_Exercise prompt_
Transcribe, exactly and without pictures, the lines below from the line with "Un edificio de" to the line with "Далее Наталья Павловна", both ends included, and no others.

[[ The records, beginning ]]

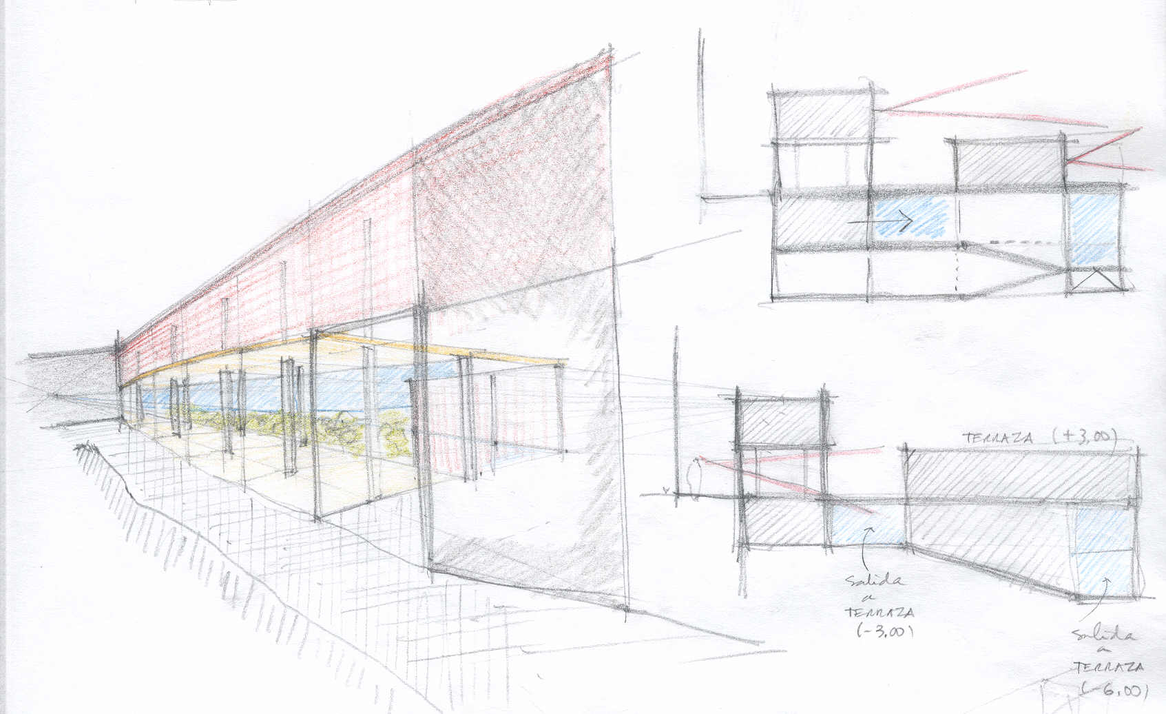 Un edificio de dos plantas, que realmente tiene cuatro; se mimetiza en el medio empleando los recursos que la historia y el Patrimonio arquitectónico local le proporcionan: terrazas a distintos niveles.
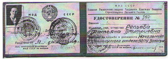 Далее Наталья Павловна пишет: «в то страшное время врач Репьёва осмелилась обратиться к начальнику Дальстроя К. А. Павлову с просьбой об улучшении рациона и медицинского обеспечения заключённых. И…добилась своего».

[[ The records, end ]]
[[ The records, beginning ]]

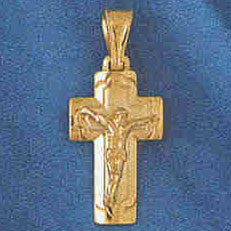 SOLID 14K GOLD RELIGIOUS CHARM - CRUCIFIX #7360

[[ The records, end ]]

_Your response_
 Un edificio de dos plantas, que realmente tiene cuatro; se mimetiza en el medio empleando los recursos que la historia y el Patrimonio arquitectónico local le proporcionan: terrazas a distintos niveles.
 Далее Наталья Павловна пишет: «в то страшное время врач Репьёва осмелилась обратиться к начальнику Дальстроя К. А. Павлову с просьбой об улучшении рациона и медицинского обеспечения заключённых. И…добилась своего».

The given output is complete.